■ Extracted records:

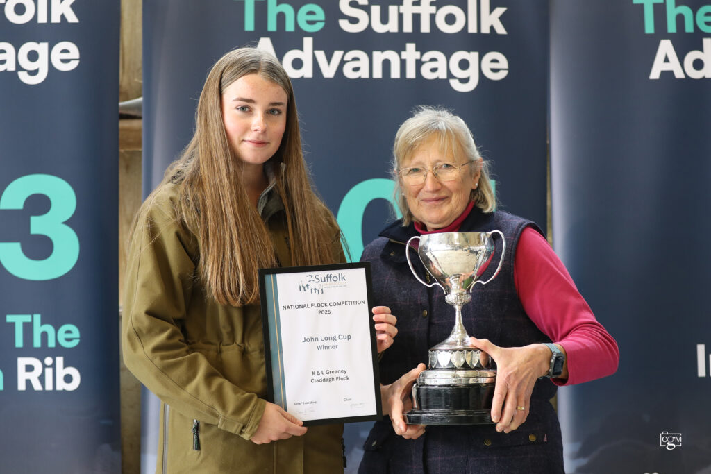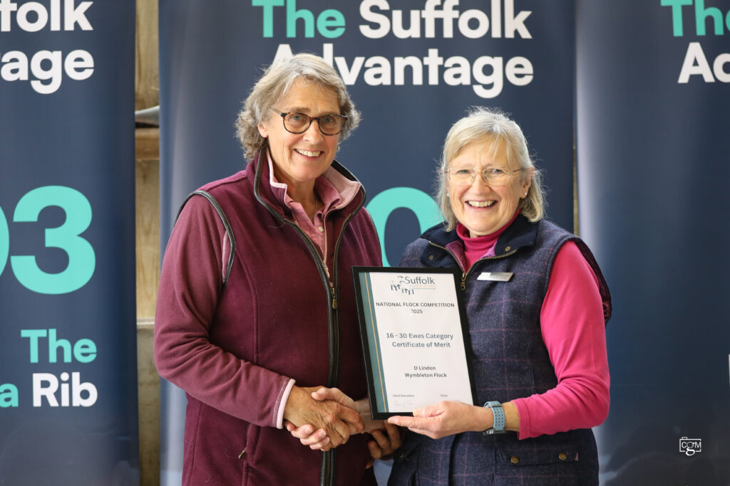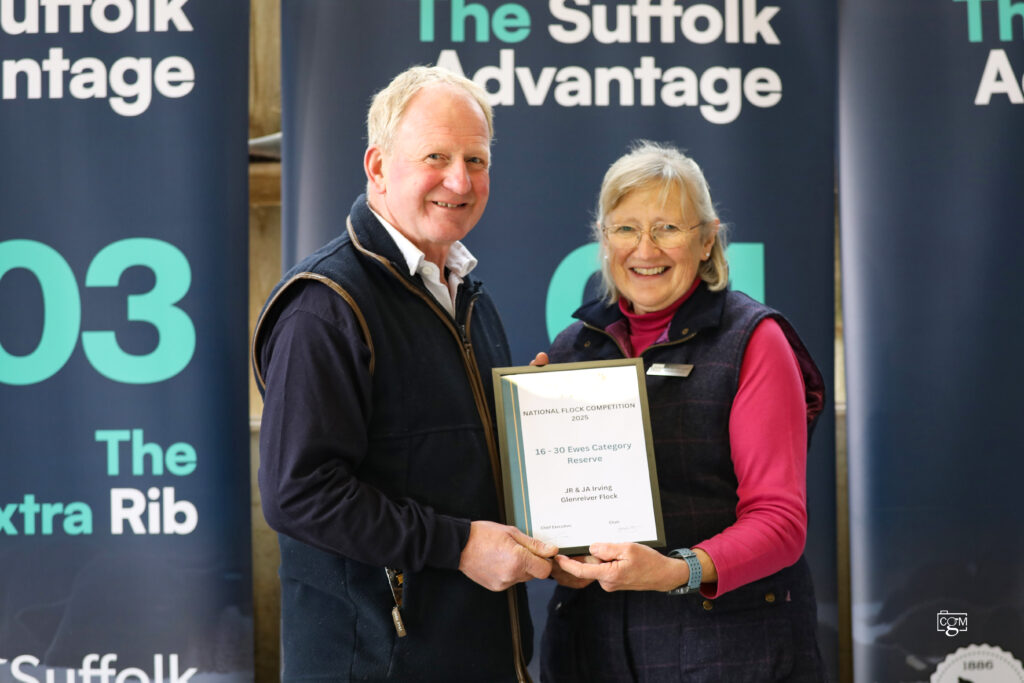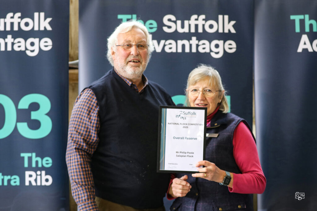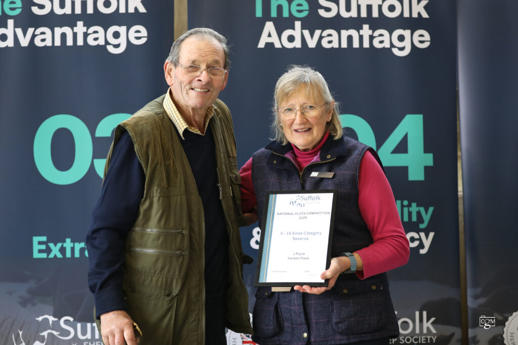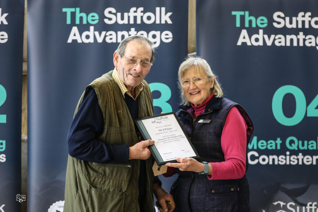 It was with great pleasure that we invited Mr. John (Jack) Pryce back to the presentation area. Andrew Evans took a moment to speak about the significant contribution Jack has made to both the breed and the Society over the many years since he first joined. In recognition of his outstanding service and dedication, Jack was presented with a certificate to mark him being awarded honorary life membership of the Suffolk Sheep Society.
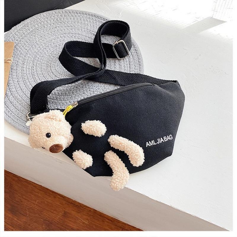 Сумка на пояс Bear для студентов, простая, через плечо, холщовая, женская, с напечатанными буквами, милая чёрный
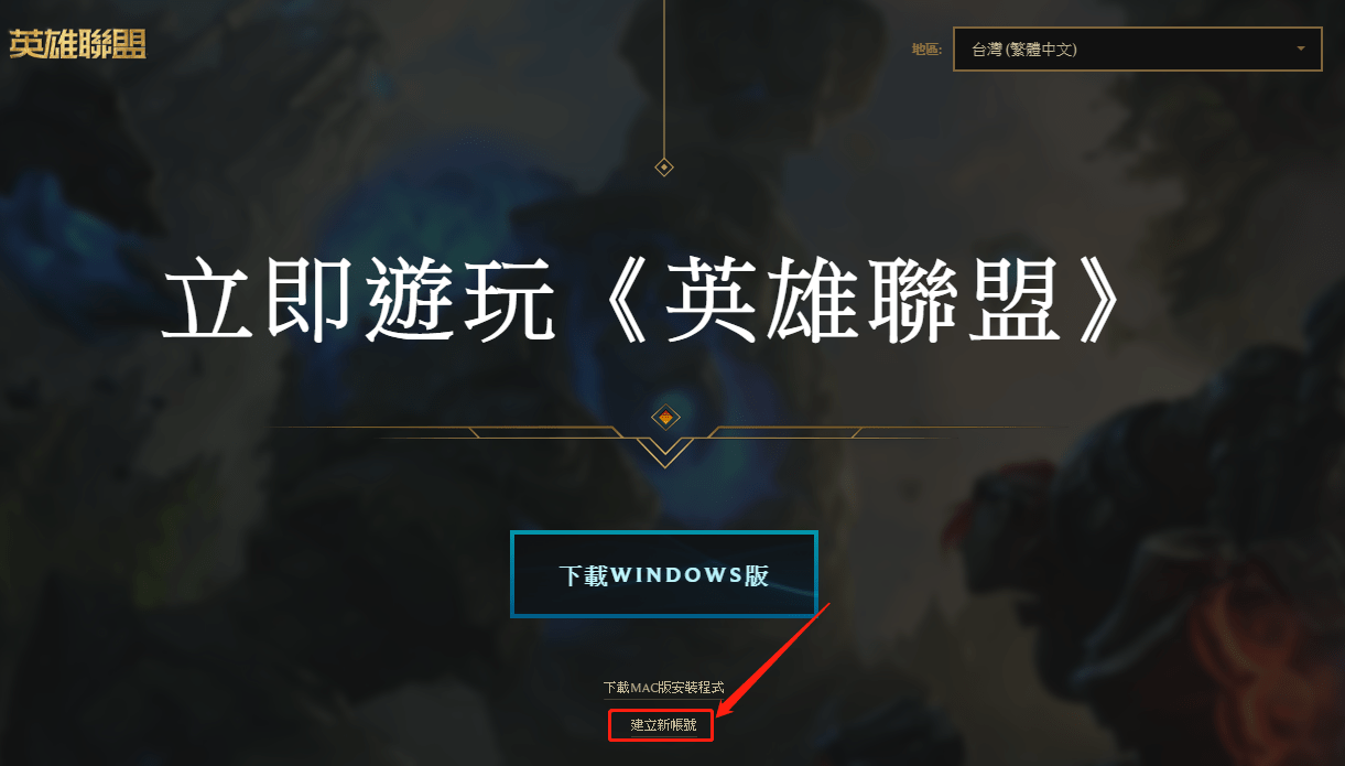 台服账号的注册可以需要在台服官网进行,我们可以直接进入LOL台服官网,在其中点击注册新账号。
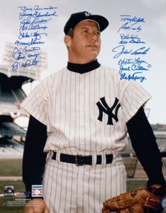 Mickey Mantle was first baseman for the New York Yankees for 18 seasons, from 1951 through 1968. Mantle is regarded by many to be the greatest switch hitter of all time. This 16x20 Photo is signed by 17 of Mickey Mantle's teammates (several deceased) with the Yankees including: Johnny Blanchard, Ryne Duren, Mel Stottlemyre, Mike Hegan, Moose Skowron, Bobby Richardson, Jim Bouton, Luis Arroyo, Roy White, Tony Kubek, Bob Turley, Bob Hale, Bill Gardner, Jim Coates, Hector Lopez, Jack Cullen and Ralph Terry. MAB Hologram and Certificate of Authenticity from Athlon Sports.
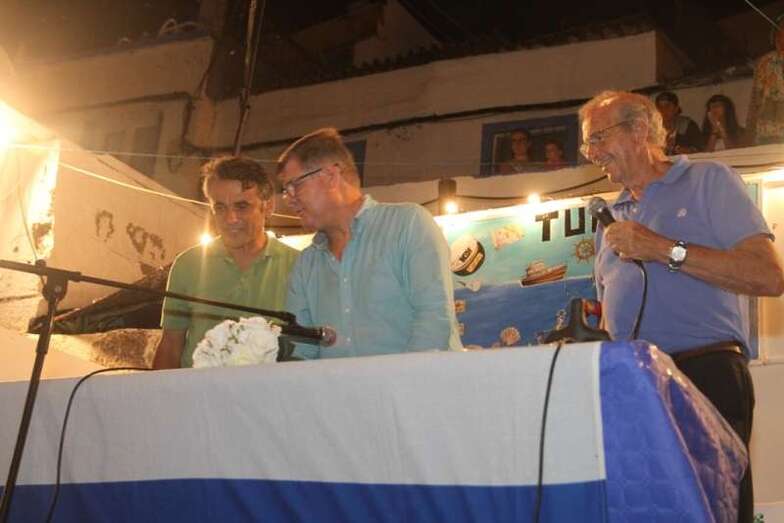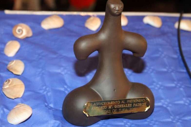 El profesor y biólogo Fernando Báez Vega, secretario del colectivo ciudadano de Tufia, hizo una breve reseña biográfica del pregonero, quien fue obsequiado con una figura de Tara por su participación en la edición de las fiestas de este año.
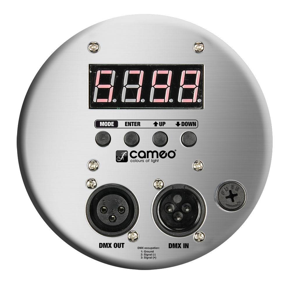 Cameo P64 Q 8W BS je PAR 64 LED u rasporedu RGBW 4-u-1 18x8W. Sistem smešten u alu kućištu sive boje. Odličnih karakteristika sa 18 ultrasvetlih 8 W QUAD kolor LED dioda. Širina svetlosnog snopa je od 25° potrošnja energije 180 W. Kućište ima duple držače tako da je predviðena za kačenje ili podnu postavku.

■ Problem to work on:
Return the entries verbatim, pictures excluded.

■ Your solution:
 It was with great pleasure that we invited Mr. John (Jack) Pryce back to the presentation area. Andrew Evans took a moment to speak about the significant contribution Jack has made to both the breed and the Society over the many years since he first joined. In recognition of his outstanding service and dedication, Jack was presented with a certificate to mark him being awarded honorary life membership of the Suffolk Sheep Society.
 Сумка на пояс Bear для студентов, простая, через плечо, холщовая, женская, с напечатанными буквами, милая чёрный
 台服账号的注册可以需要在台服官网进行,我们可以直接进入LOL台服官网,在其中点击注册新账号。
 Mickey Mantle was first baseman for the New York Yankees for 18 seasons, from 1951 through 1968. Mantle is regarded by many to be the greatest switch hitter of all time. This 16x20 Photo is signed by 17 of Mickey Mantle's teammates (several deceased) with the Yankees including: Johnny Blanchard, Ryne Duren, Mel Stottlemyre, Mike Hegan, Moose Skowron, Bobby Richardson, Jim Bouton, Luis Arroyo, Roy White, Tony Kubek, Bob Turley, Bob Hale, Bill Gardner, Jim Coates, Hector Lopez, Jack Cullen and Ralph Terry. MAB Hologram and Certificate of Authenticity from Athlon Sports.
 El profesor y biólogo Fernando Báez Vega, secretario del colectivo ciudadano de Tufia, hizo una breve reseña biográfica del pregonero, quien fue obsequiado con una figura de Tara por su participación en la edición de las fiestas de este año.
 Cameo P64 Q 8W BS je PAR 64 LED u rasporedu RGBW 4-u-1 18x8W. Sistem smešten u alu kućištu sive boje. Odličnih karakteristika sa 18 ultrasvetlih 8 W QUAD kolor LED dioda. Širina svetlosnog snopa je od 25° potrošnja energije 180 W. Kućište ima duple držače tako da je predviðena za kačenje ili podnu postavku.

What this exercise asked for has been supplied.